Could you reproduce, from the records below, everything from the line with "in 1936 | |" down to the line with "Treasure map and", keeping both of those lines and changing nothing?

**Provided data**
..............................
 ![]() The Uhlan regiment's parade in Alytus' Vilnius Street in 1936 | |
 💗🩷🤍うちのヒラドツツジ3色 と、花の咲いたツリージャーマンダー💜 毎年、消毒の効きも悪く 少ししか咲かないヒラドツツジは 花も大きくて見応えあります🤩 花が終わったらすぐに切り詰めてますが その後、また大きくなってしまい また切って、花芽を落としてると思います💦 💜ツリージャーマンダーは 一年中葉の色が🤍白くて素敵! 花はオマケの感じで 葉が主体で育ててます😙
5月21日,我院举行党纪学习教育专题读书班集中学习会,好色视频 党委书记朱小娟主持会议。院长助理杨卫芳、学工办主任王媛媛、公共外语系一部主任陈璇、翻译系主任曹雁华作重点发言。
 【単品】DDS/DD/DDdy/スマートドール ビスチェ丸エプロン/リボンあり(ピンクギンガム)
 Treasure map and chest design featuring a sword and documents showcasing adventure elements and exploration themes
..............................
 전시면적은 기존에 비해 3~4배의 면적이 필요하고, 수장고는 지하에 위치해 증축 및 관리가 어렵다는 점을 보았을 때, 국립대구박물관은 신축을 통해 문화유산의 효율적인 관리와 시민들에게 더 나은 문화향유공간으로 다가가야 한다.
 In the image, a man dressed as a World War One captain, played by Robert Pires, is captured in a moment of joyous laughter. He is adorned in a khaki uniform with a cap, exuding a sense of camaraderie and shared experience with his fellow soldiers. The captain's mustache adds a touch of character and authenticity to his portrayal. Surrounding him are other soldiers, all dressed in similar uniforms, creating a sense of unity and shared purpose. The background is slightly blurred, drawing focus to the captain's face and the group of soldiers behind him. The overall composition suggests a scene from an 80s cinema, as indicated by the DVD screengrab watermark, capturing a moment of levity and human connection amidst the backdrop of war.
..............................
**Exercise response**
 ![]() The Uhlan regiment's parade in Alytus' Vilnius Street in 1936 | |
 💗🩷🤍うちのヒラドツツジ3色 と、花の咲いたツリージャーマンダー💜 毎年、消毒の効きも悪く 少ししか咲かないヒラドツツジは 花も大きくて見応えあります🤩 花が終わったらすぐに切り詰めてますが その後、また大きくなってしまい また切って、花芽を落としてると思います💦 💜ツリージャーマンダーは 一年中葉の色が🤍白くて素敵! 花はオマケの感じで 葉が主体で育ててます😙
5月21日,我院举行党纪学习教育专题读书班集中学习会,好色视频 党委书记朱小娟主持会议。院长助理杨卫芳、学工办主任王媛媛、公共外语系一部主任陈璇、翻译系主任曹雁华作重点发言。
 【単品】DDS/DD/DDdy/スマートドール ビスチェ丸エプロン/リボンあり(ピンクギンガム)
 Treasure map and chest design featuring a sword and documents showcasing adventure elements and exploration themes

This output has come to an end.